I'd expect B-to-C to simply be twice whatever it was before (assuming Universal expansion).

See posts #15 and #16 (triangle expansion example).

speedfreek
2009-Apr-16, 10:03 PM
Ok, I guess this is where we differ. I thought that was the definition of "uniform expansion". The uniform expansion of any shape will produce a larger, yet similar shape.

I think you are right, too.

speedfreek
2009-Apr-16, 10:21 PM
I am not an expert by any stretch of imagination. Yet have hung around this board long enough to realize that you have to pay careful attention to post #5 in order to have a realistic model. Distances are not absolute. AC might be 3 meters from the vantage point of A at time t0 while/and AC might be 4 meters from the vantage point of B at time t0. And to make things even more fun neither A, B, nor C are required to agree on when t0 is. To have a true model you will have to have attributes for all points in different arrays for each point. In other words the observance of speeds/locations is relative and the binding rule is the constancy of speed of any/all beams of light from all vantage points. Do not think of location, speed or time as absolute, defined or definable parameters. :whistle::whistle::whistle:

This is definitely very important for the model, if you want to model anything other than arbitrary coordinates in uniform expansion. The OP never specifically mentioned anything about our universe, they just asked about uniform expansion. ;)

EntroPyrexoR
2009-Apr-17, 04:47 PM
Again thank you all for you responses.

Yes Amber Robot, you were correct. Thank you. I believe I was hung up on the "rate-of-change" which really is the same, however it's not the rate of change but simply the change in distance which is ocurring more rapidly, so yes you were right.

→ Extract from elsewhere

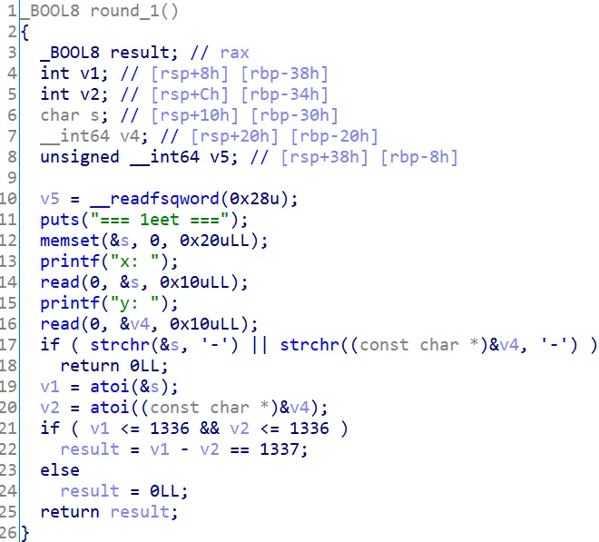 1) round_1() 함수는 결국, 1336 - (-1) 를 입력하면 된다. -1를 직접 입력하면 안되고, 인티져 오버플로우를 일으켜서 알맞게 변형시키면 된다

No I'm not trying to mdel the expansion of the universe, just uniform expansion in general. When I said computers didn't lend their hand to this problem well, it's because if I have 100 coordinates I initially have to run O(n^2) on the coordinates to figure out the direction and distance they need to move for each interval. This is a horrible efficiency.

Amber Robot
2009-Apr-17, 05:54 PM
No I'm not trying to mdel the expansion of the universe, just uniform expansion in general. When I said computers didn't lend their hand to this problem well, it's because if I have 100 coordinates I initially have to run O(n^2) on the coordinates to figure out the direction and distance they need to move for each interval. This is a horrible efficiency.

Can't you just multiply all the coordinates by a single value?

EntroPyrexoR
2009-Apr-17, 08:31 PM
Can't you just multiply all the coordinates by a single value?

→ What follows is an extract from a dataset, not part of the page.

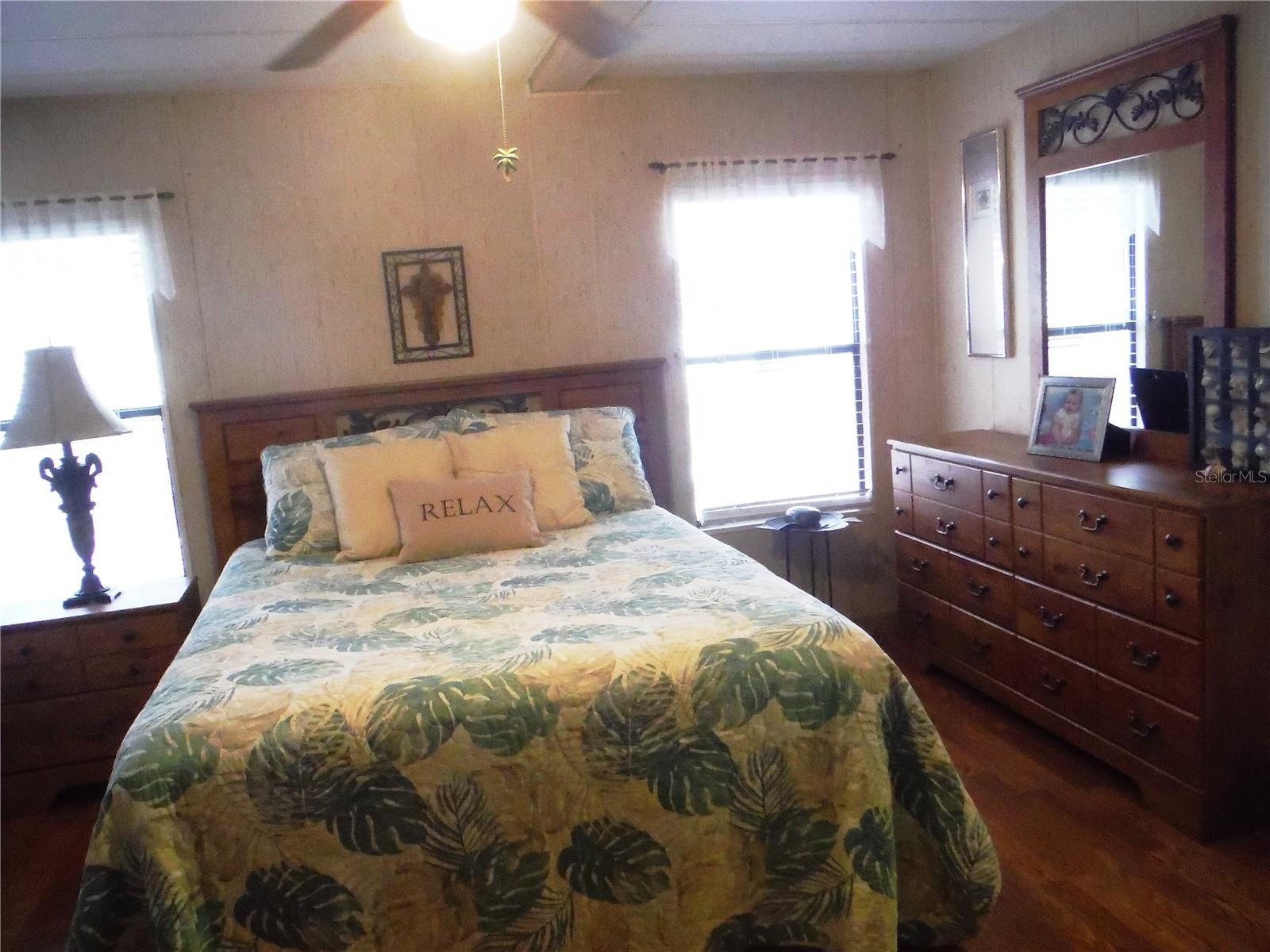 Furnished 2 bedroom 2 bath with an extra room being used as a 3rd bedroom. Large home in immaculate condition - 1354 square feet under central heat & air. Laminate & ceramic tile floors over 3/4" plywood subfloors. Stainless steel appliances - Range & microwave new and installed Jan 7/2025 in the island kitchen. This home has high ceilings and a woodburning fireplace in the living room. The bonus room was added behind the carport and in front of the laundry room so you can stay inside to do your laundry. When you go out the back door you will find a huge patio that extends the full length of the back of the house. This Jacobsen home is truly spotless and a real delight. You may have a cat or a dog up to 25 pounds in this 55 plus home. Room measurements approximate.

Yea I guess you could, but to make sense of it you'd have to recenter the middle of the viewing area by multiplying it by the same number.

A's vertices are: (2,2) (2,4) (4,4) (4,2)

B's vertices are: (4,4) (4,8) (8,8) (8,4)

So yea it works.

Amber Robot
2009-Apr-17, 09:17 PM
Yea I guess you could, but to make sense of it you'd have to recenter the middle of the viewing area by multiplying it by the same number.

A's vertices are: (2,2) (2,4) (4,4) (4,2)

B's vertices are: (4,4) (4,8) (8,8) (8,4)

So yea it works.

You can shift to whatever center point, multiply by the expansion factor, and then shift back.

pzkpfw
2009-Apr-17, 11:06 PM
Now that uniform expansion is accepted, I'm not sure what you are going to achieve.

You may as well just draw a picture in MS Paint or some other tool, then use the zoom function to expand it. (Except your points would expand).

Modelling it, you could multiply each point by a number, to expand the Universe, then divide by the same number to re-scale the drawing and keep it visible on screen.

You'd see no change (the picture would seem static).

(If you were drawing objects (Galaxies) instead of just maintaining points, those objects would appear to shrink.)

Much much harder, would be accurately modelling general expansion of the Universe, while keeping Galaxies (or other gravitationally bound objects) together. e.g. if your points were stars, some in different Galaxies; with the Galaxies staying together, but getting further from other Galaxies.

That's not been covered in this thread.